A Story About a Parasitic Relationship

“Together” by Jess Arndt, recommended by Justin Torres for Electric Lit

Jess Arndt’s short story “Together”, with an introduction by Justin Torres for Electric Lit.

An Introduction by Justin Torres

Jess Arndt is a great prose stylist — but what does that mean? Well for one thing, it means Arndt writes with such poetry and such precision, that the force of the communication damn near knocks you over. The sentences turn, open, and crash down on you unexpectedly, rhythmically, like waves. Great style has something to do with surfaces, but that’s not all I mean when I say Arndt is a great stylist. I mean, too, that the pace and pull of this story — and really, every story in Large Animals — works something like an undertow. At the beach as child, I remember being warned about undertow and thinking, how could it be, amidst all the foam and roar and sparkle of the ocean’s surface, that an even stronger churning went on below? But that’s exactly the experience of reading Arndt: first mesmerized by the beautiful noise of the language, then knocked down, and dragged out to another, underwater world.“Together” is a story precisely about the churning going on beneath the surface — about the awful lot going on inside each of us. Arndt reminds us that physically, psychically, we are processes; we are happening all the time. The life of both mind and body is defined by an awesome and constant churning. And outside, in our backyards, our neighborhoods, our neighbors, our lovers and bosses — the churning continues. Places and people seduce, destroy, remake us in their undertow. What we would like to understand as form — the backyard, the body — is phenomena. What we would like to understand as impermeable is always susceptible to parasitic invasion. Instability is the shared condition of life. This is a thing we know, but the knowledge quickly stales, or we are distracted from the knowledge, or narcotized, or placated with straighter, more genteel notions I can think of no better description for the transformative power of Arndt’s stories — willful.

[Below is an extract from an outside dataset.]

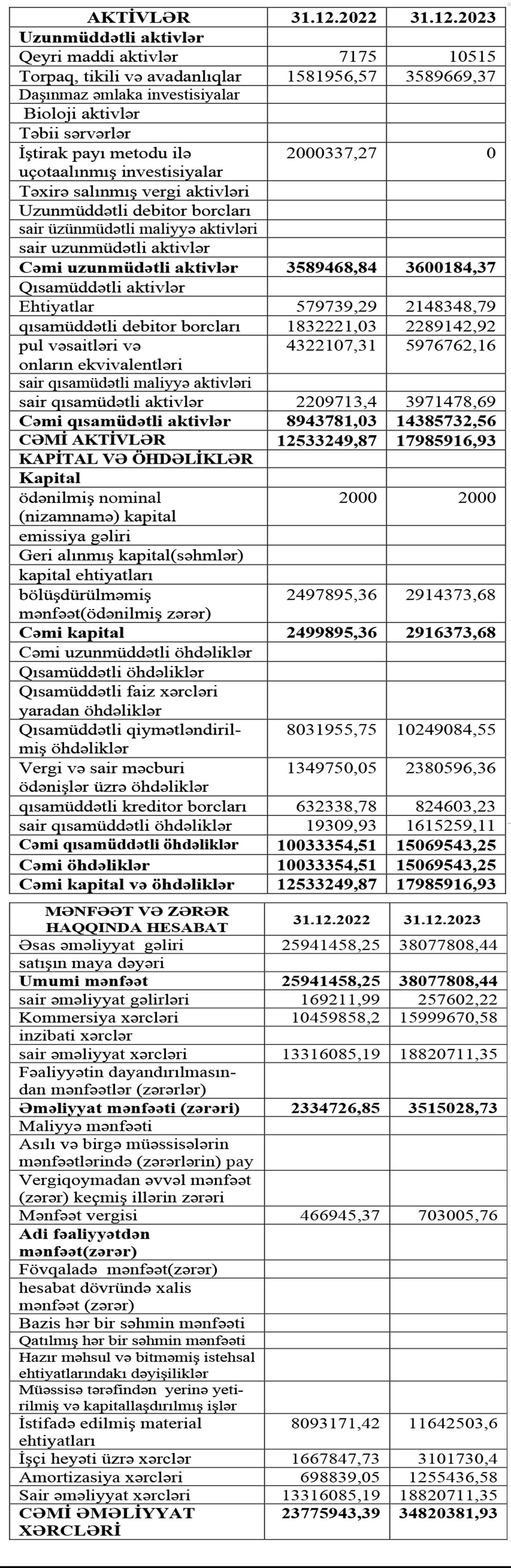 "Azİnvest İnşaat" şirkətinin gəliri və xalis mənfəəti kəskin artıb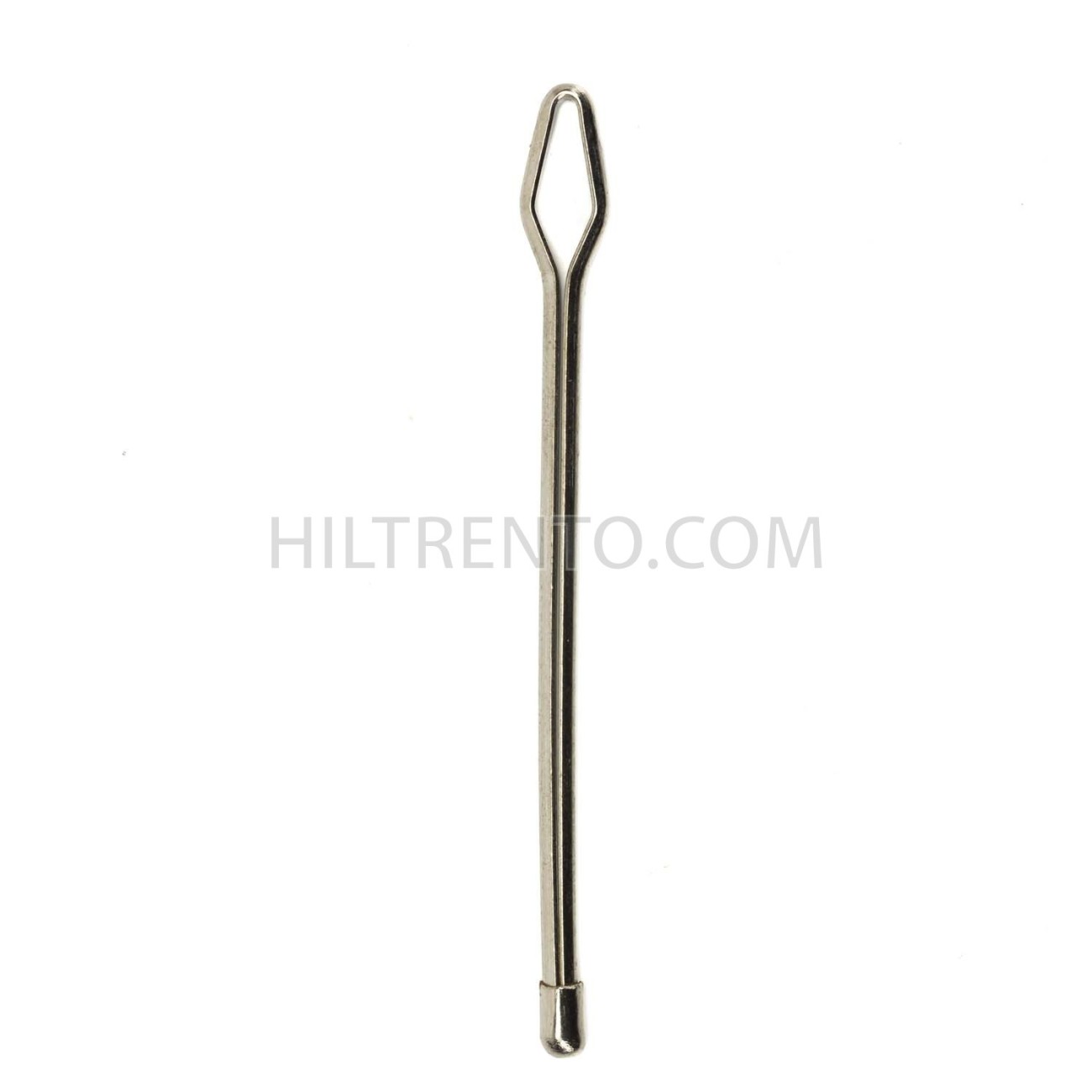Pasacintas de acero inoxidable. Esta herramientas se utiliza para pasar cintas, elásticos o lazos a través de dobladillos, cintura de bañadores, pantalones, etc. El cordón o la cinta se inserta en la herramienta y su cuerpo rígido metálico permite ir deslizándola fácilmente por el interior de la prenda hasta sacarla por el otro lado. Uso cómodo y seguro sin dañar el tejido.

Reading Arndt, I was reminded of Genet, and reminded specifically of Sontag’s description of Genet, in “On Style.” “He is recording, devouring, transfiguring his experience. In Genet’s books, as it happens, this very process itself is his explicit subject; his books are not only works of art but works about art.” Sontag goes on to connect style, above all, to will: “The complex kind of willing that is embodied, and communicated, in a work of art both abolishes the world and encounters it in an extraordinary intense and specialized way.” I can think of no better description for the transformative power of Arndt’s stories — willful. I suppose it’s a particular kind of lineage, a particular kind of will I’m getting at, when talking about Sontag talking about Genet, and also talking about Arndt — I suppose it’s something like the will of the lover, the will of the parasite, the will of the undertow; I suppose I am talking about the will to queer the world.

Justin Torres Author of We the Animals

Together by Jess Arndt

We had it together but we also had it when we were apart. We got it in that comedor in Oaxaca, we both agreed. Or maybe it was that little town, just a few palapas actually and a beach with a deceptive number of black dogs, called San Angelino. But it’s also quite possible that we had gotten it on the subway. Don’t forget about a head of lettuce! our naturopath said. They caravan those heads in from anywhere imaginable. And water these days — it’s no good washing with it.We made a list of what was now okay and what wasn’t. Sugar, yeast, all the essentials — out. Enter: lines and lines of herbaceous esophagus-jamming pills we swallowed noon dinner and night.